Лицо индианки смягчилось. Как все же приятно вести беседу без оглядки на сонм условностей, диктуемых половыми и кастовыми различиями. Этот человек, хотя он и инородец, гораздо лучше ее понимает, чем большинство встречавшихся ей мужчин.
– Вы правы, – улыбнулась она. – Я и впрямь очень во многом завишу от собственных слуг. – Высказавшись таким образом, Падмири вдруг испугалась, что гость неправильно истолкует ее слова. Сочтет, например, ее слишком немощной или вообразит что-то еще.
Он молчал. В разговоре возникла неловкая пауза. Внезапно до Падмири дошло, что ее просто-напросто изучают. Как букашку или иное занятное существо.
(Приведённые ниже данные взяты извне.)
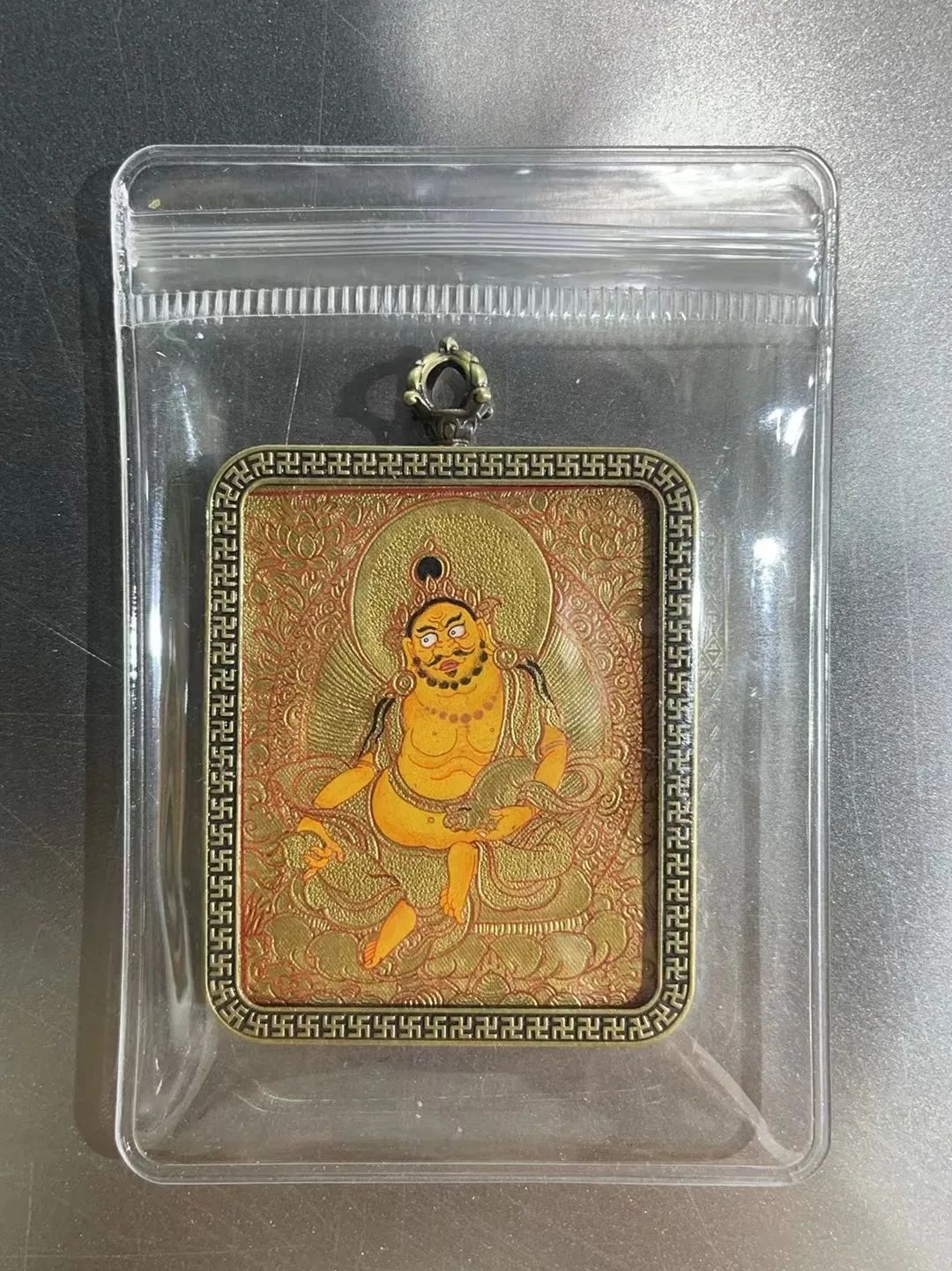 朱砂打底,绿松石、石绿、青金石等绘制身体部分,纯金泥染色
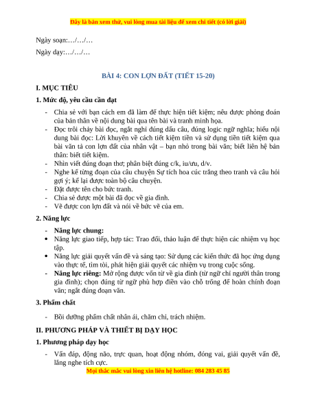 BÀI 4: CON LỢN ĐẤT (TIẾT 15-20) I. MỤC TIÊU
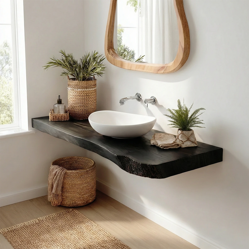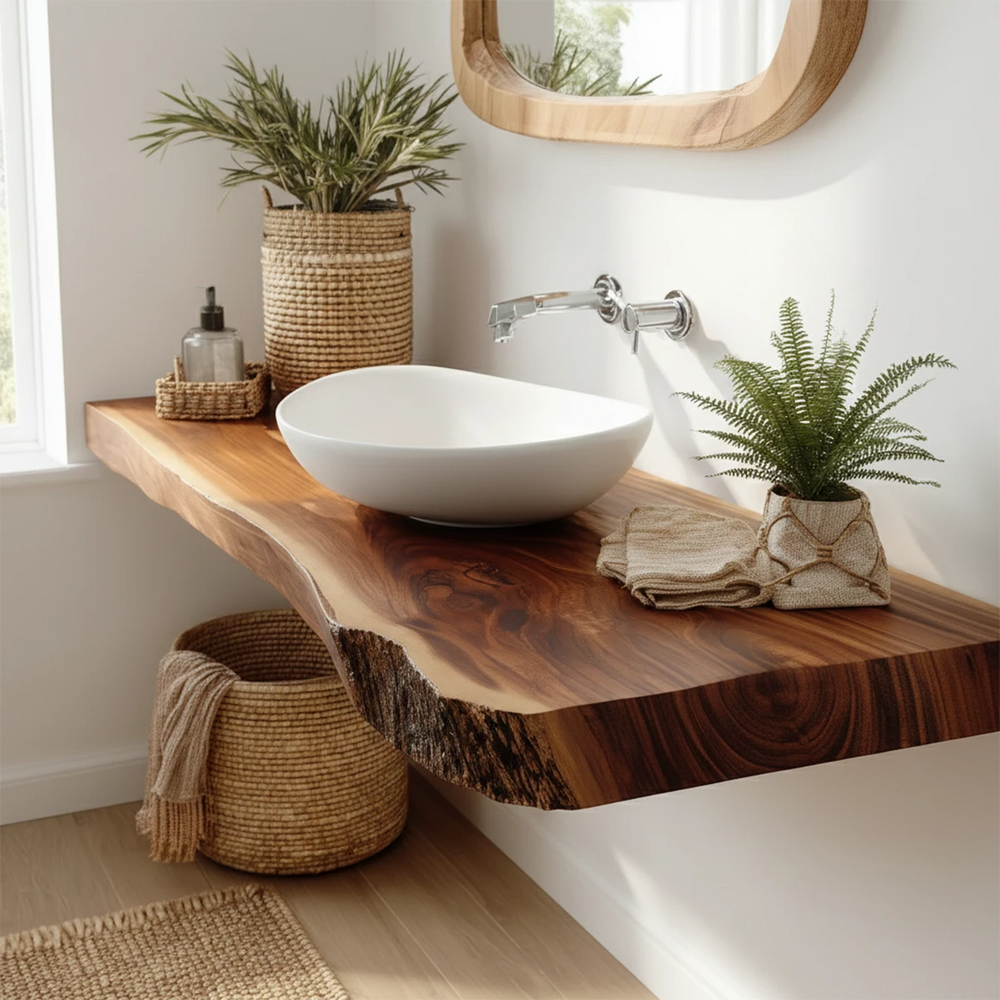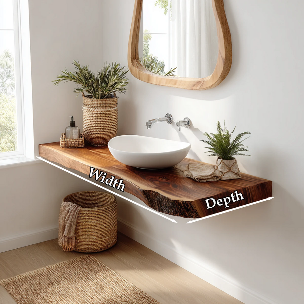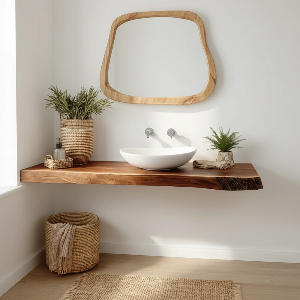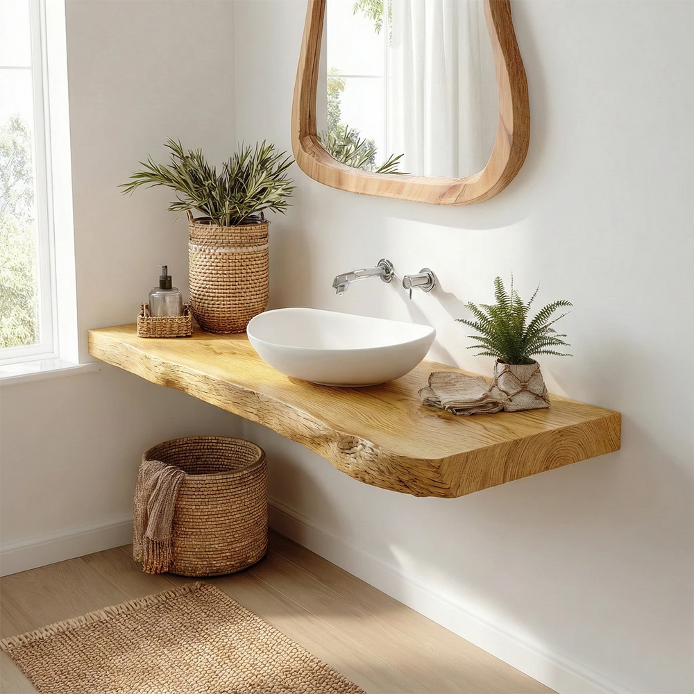 Carved from a single slab of Natural Solid Wood, this floating vanity shelf brings a soft Scandinavian brightness to the bathroom. The sunlight dances across its live edge, revealing gentle curves and warm tones that create an inviting, natural centerpiece for your daily rituals.

Внутренне содрогнувшись, она решилась идти напролом и сказала:
– У нас тут, как правило, мужчины к женщинам в гости не ходят, да и женщинам не очень уместно принимать их в подобном качестве у себя. – Небо, как трудно с ним объясняться, подумалось ей. – Но это все-таки не считается чем-то недопустимым. Проживая довольно уединенно, я иногда позволяю себе видеться с теми, кто мне интересен. – Но не с глазу на глаз, не поздней порой и не в комнате, напоенной ароматом сандала, прибавила она мысленно для себя. – Так что тот, кто нас с вами сейчас бы увидел, ничуть бы не был смущен.
– Вот как? – поднял бровь Сен-Жермен, отнюдь не уверенный, что так все бы и вышло.
– Разумеется, – кивнула она, отводя в сторону взгляд. – Конечно, если бы мы с вами не пребывали в зрелых летах, кто-нибудь мог бы и осудить нас, но в данном случае наша встреча не дает никакого повода для нареканий.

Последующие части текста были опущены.